As we continue our coverage of the latest developments from the legendary street artist Bansky, we have to admit that this latest exhibition has to go down in history as one of his greatest. Banksy, the undercover street artist from the UK who’s work notoriously shows up around the world in the streets (and museum placed by himself before they get removed) of the most interesting places, uses his creative skills and energy to illustrate just how messed up this world has become and to question the meaning of street art. Search “Banksy” on Label Networks and you’ll come up with a series of stories on his street art commentary and the state the world, from Jerusalem to New Orleans, and now, back in New York City, specifically at 89 West 7th Avenue.

Thanks to the updates from the best graffiti and street art sites on the planet, Wooster Collective, the discovery of what looked like a small pet store was revealed. Inside this tiny space in lower Manhattan are animatronics such a bunny rabbit in front of a mirror putting on make-up with it’s head moving back and forth as though examining itself in the mirror, chicken McNuggets on a chicken farm drinking from a sauce container, hotdogs in a fishing bowl that swim, and a faux leopard with a swinging tail on a tree branch in the window display.

Unlike Banksy’s larger show in a warehouse in downtown LA last year filled with massive pieces of artwork and installations including a live pink elephant (which attracted a fair share of celebs, including Angelina Jolie and Brad Pitt during the exclusive pre-party), his latest exhibition space in New York fits maybe 20 people at a time. And there’s no graffiti or drawings anywhere. It’s a complete departure from his normal fare but then again, that’s not all that surprising with Banksy who continues to surprise everyone else. The cool thing is that you can see a lot of the exhibition from the “store” windows. The show runs until Halloween.

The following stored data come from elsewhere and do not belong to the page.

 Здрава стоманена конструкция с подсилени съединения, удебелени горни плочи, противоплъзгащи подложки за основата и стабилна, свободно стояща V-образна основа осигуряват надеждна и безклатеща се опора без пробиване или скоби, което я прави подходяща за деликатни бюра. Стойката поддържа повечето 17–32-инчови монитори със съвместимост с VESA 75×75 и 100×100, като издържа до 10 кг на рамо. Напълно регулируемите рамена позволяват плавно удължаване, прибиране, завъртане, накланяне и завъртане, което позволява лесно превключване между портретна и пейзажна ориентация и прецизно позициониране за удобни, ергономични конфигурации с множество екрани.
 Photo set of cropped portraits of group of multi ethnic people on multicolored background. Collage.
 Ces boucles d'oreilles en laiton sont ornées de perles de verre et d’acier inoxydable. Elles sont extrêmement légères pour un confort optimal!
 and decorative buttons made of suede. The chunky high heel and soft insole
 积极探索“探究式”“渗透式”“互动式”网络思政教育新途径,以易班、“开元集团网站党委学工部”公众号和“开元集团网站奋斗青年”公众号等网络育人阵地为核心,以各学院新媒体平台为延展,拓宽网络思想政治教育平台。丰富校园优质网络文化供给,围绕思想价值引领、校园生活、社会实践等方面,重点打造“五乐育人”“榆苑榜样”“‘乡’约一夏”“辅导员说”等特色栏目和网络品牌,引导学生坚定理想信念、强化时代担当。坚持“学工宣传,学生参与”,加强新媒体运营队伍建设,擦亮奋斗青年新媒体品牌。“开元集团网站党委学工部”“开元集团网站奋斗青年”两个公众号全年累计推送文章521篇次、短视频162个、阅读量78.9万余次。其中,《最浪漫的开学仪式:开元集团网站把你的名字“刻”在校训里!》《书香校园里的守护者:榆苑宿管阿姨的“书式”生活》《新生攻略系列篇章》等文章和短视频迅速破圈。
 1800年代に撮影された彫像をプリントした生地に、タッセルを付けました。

Here%u2019s what Banksy had to say about it all, according to Wooster Collective: “New Yorkers don’t care about art, they care about pets. So I’m exhibiting them instead. I wanted to make art that questioned our relationship with animals and the ethics and sustainability of factory farming, but it ended up as chicken nuggets singing. I took all the money I made exploiting an animal in my last show and used it to fund a new show about the exploitation of animals. If its art and you can see it from the street, I guess it could still be considered street art.”